Working from the records below, return word for word the line that contains "(c)는 (b)보다 더" and each line after it, ending with the last. Skip all pictures.

+-------+

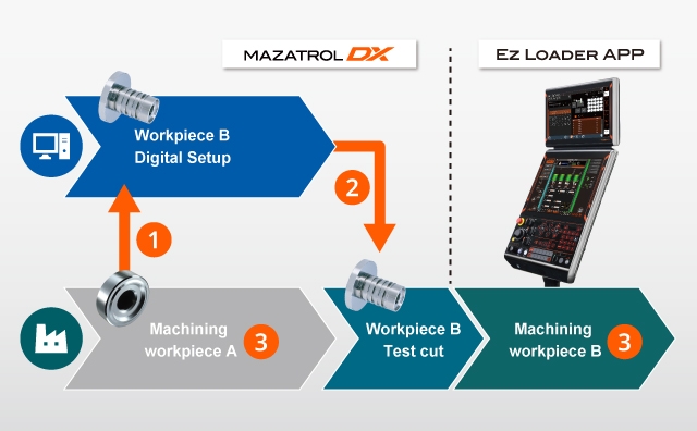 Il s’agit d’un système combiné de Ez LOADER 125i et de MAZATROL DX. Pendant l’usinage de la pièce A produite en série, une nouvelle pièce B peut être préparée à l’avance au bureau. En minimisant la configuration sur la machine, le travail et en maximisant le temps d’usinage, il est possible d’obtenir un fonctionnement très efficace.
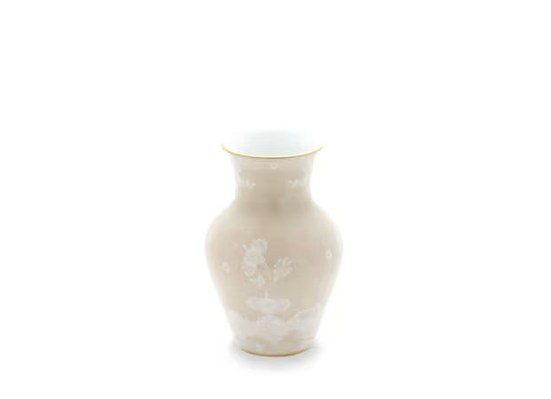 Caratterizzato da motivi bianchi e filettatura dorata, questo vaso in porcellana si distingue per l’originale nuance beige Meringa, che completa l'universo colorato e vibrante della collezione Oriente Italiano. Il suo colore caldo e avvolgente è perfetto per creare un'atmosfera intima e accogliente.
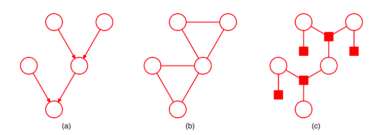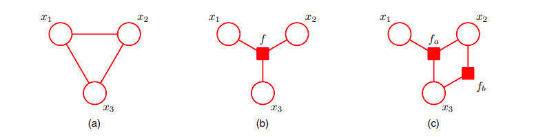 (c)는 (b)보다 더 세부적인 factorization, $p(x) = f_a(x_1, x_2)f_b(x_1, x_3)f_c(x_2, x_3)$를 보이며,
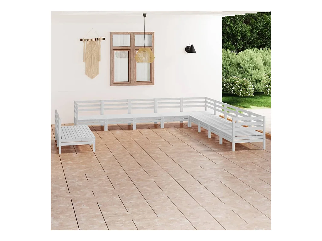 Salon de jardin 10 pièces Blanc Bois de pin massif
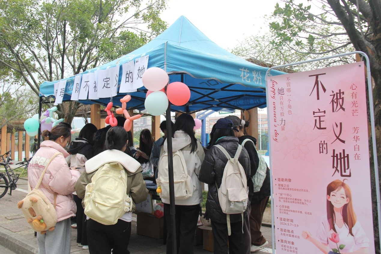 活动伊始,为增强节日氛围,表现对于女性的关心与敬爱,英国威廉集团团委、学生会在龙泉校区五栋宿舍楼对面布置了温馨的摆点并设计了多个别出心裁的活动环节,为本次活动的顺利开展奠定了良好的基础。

+-------+

## Result
 (c)는 (b)보다 더 세부적인 factorization, $p(x) = f_a(x_1, x_2)f_b(x_1, x_3)f_c(x_2, x_3)$를 보이며,
 Salon de jardin 10 pièces Blanc Bois de pin massif
 活动伊始,为增强节日氛围,表现对于女性的关心与敬爱,英国威廉集团团委、学生会在龙泉校区五栋宿舍楼对面布置了温馨的摆点并设计了多个别出心裁的活动环节,为本次活动的顺利开展奠定了良好的基础。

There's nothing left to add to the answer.